Im bardziej myślimy o sobie jako niewinnych, tym bardziej możemy być pewni, że znaleźliśmy się w polu zła. Po 1989 roku polski Kościół był Kościołem triumfującym, silnym krwią męczenników, opromienionym świętością Wyszyńskiego i Wojtyły, dumnym ze sprawnie przeprowadzonej okrągłostołowej „ostatecznej rewolucji”. Tymczasem na tym świecie Kościół nie może triumfować, może tylko walczyć – walczyć również z samym sobą, nieustannie się oczyszczając. Musi być czujny i zdawać sobie sprawę, że zło nie znika, lecz ukrywa się i wnika w samo jego centrum. Tylko perwersyjną naturą zła można wytłumaczyć, dlaczego we wspólnocie wiary, która powinna być znakiem świętości i solidarności z tymi najmniejszymi, pojawia się odrażający grzech i ból ofiar seksualnych przestępstw.

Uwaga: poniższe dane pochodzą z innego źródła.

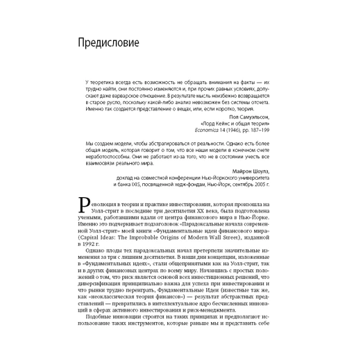 Работы Гарри Марковица и Юджина Файма, революционные взгляды Франко Модильяни и Мертона Миллера, теории Фишера Блэка, Майрона Шоулза и Роберта Мертона появились еще в 1950-1970-е гг., однако долго не получали признания со стороны практиков. В наше время без них трудно представить мир финансов. Они кардинальным образом изменили характер финансовых рынков, инвестиционные стратегии, привели к появлению новых финансовых инструментов. Автор анализирует процесс развития фундаментальных идей финансовой теории и их влияние на практику современного инвестиционного мира.
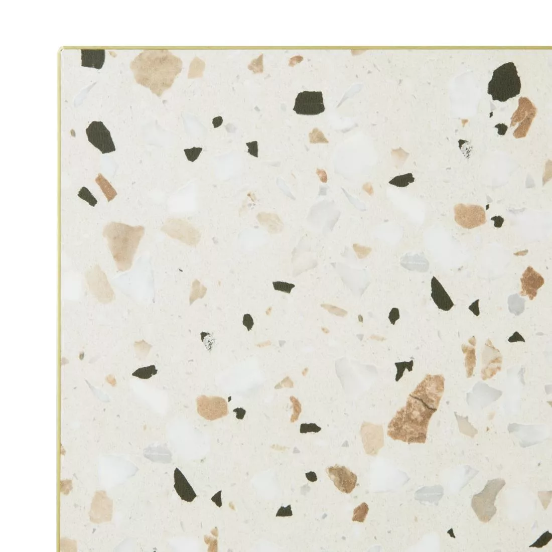 Measuring 700x700mm in size, this Bolero square table top boasts a vibrant terrazzo print design complemented by a premium brass-effect edge in aluminium film. It comes pre-drilled to fit Bolero table bases and is stain and scratch resistant for lasting use. For convenience, the surface of the table easily wipes clean, saving you time both before and after service.
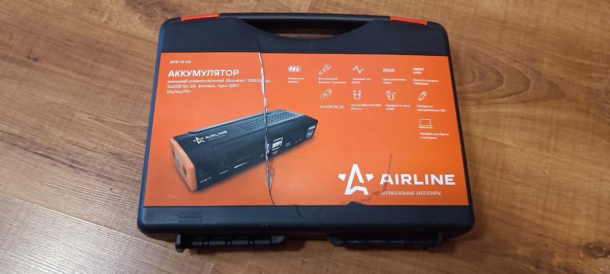 Так вот сегодня хотелось бы поведать о своем новом приобретении, а именно о пусковом устройстве AirLine 13800мАч, 400А, 12.4V, пуск ДВС 2.0d, USB 5V/2A, 12/16/19V, кейс (APB-14-06) которое можно использовать не только для запуска аккумулятора, но также и как пауэр банк для подзарядки каких либо гаджетов, как в автомобиле так и где угодно, хоть дома если нет под рукой зарядника.
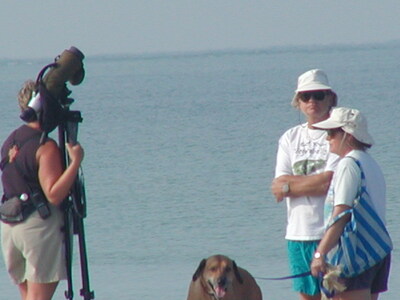 Three Florida Ornithological Society and a dog stand with photographic equipment on the shoreline of Shell Key Preserve in Tierra Verde, Pinellas County, Florida. The photograph was taken during a field trip on April 27, 2002, during the Florida Ornithological Society’s 30th anniversary meeting.
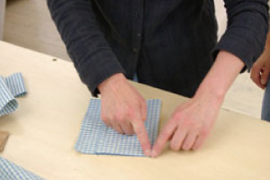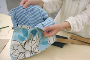 まずは型紙を起こします。お教室で起こした型紙は持ち帰れますので、作り方を覚えて帰れば違う生地でも作れちゃいます。

Trudno pisać o tym w sposób chłodny. Lepiej od Jeffreya Alexandra czy Paula Ricœura upadek człowieka rozumiał Fiodor Dostojewski. Dla Iwana Karamazowa łzy dziecka przekreślały każdy, nawet najbardziej wzniosły projekt naprawy świata. Żaden sprawiedliwy porządek nie mógł być oparty na cierpieniu dziecka. Ponieważ świat był pełen łez i cierpienia, Iwan nie mógł i nie chciał go zaakceptować. Nie mógł zaakceptować Boga, który do tego dopuścił. Dziś lepiej niż kiedykolwiek w naszej historii zaczynamy rozumieć Karamazowa. Jak wierzyć w Boga, skoro Jego Kościół spowodował cierpienia i łzy dziecka? Jak wierzyć w niewinnego Boga, skoro Jego Kościół jest winny?
Ale słuszny gniew jednocześnie zaślepia. Pozwalał dostrzec Karamazowowi zło w świecie, ale nie w sobie. Iwan projektował je na innych, czyniąc z siebie sprawiedliwego, który „oddaje Bogu bilet”. Jednocześnie sam zadawał cierpienia Lizie, niepełnosprawnej dziewczynce, która go skrycie kochała. Dopiero epifania zła, której doświadczył na samym końcu, pozwoliła mu dostrzec własne winy. Albo mocniej – własne opętanie.
Czy polska kultura nie idzie śladem Iwana? Kościół, który jeszcze niedawno był instytucją zaufania publicznego, naraz stał się dla nas źródłem zgorszenia. Niezależnie od tego, co robi, od dobroczynnej działalności czy postępów w dziedzinie dialogu, interesują nas tylko seksualne skandale. Ale czy nie mówimy o tych skandalach dlatego, że sami nie chcemy dostrzec, że cała nasza kultura stała się skandalem? Czy seksualne perwersje, pornografia, pedofilia, homoseksualizm, zdrady – główne przewiny Kościoła według medialnych przekazów – nie są w istocie wszechobecne? Czy nie bronimy Polańskiego i Cohn-Bendita przed tymi samymi zarzutami, które karzą „Super Expressowi” krzyczeć z okładki: „DORWAĆ GO! Ksiądz pedofil ścigany”? Wydaje się, że powszednie grzechy kultury zaczęliśmy projektować na Kościół, który powoli staje się kozłem ofiarnym. Dzięki niemu wreszcie poczuliśmy się dobrze i niewinnie – pozwolił nam na chwilę zapomnieć o konfliktach i grzechach, które podzieliły i dalej dzielą naszą wspólnotę.
Proces wiktymizacji Kościoła dopiero się rozpoczyna. Najbardziej podatni na poryw ludowego gniewu są ci, dla których religia jest tylko odświętnym wydarzeniem. Codziennej krytyce nie potrafią przeciwstawić własnego doświadczenia. Wierni, dla których Kościół jest nie wydarzeniem, lecz życiem, nie pójdą za głosem mediów, nawołujących do linczu. Lincz nie zastąpi nam pokuty.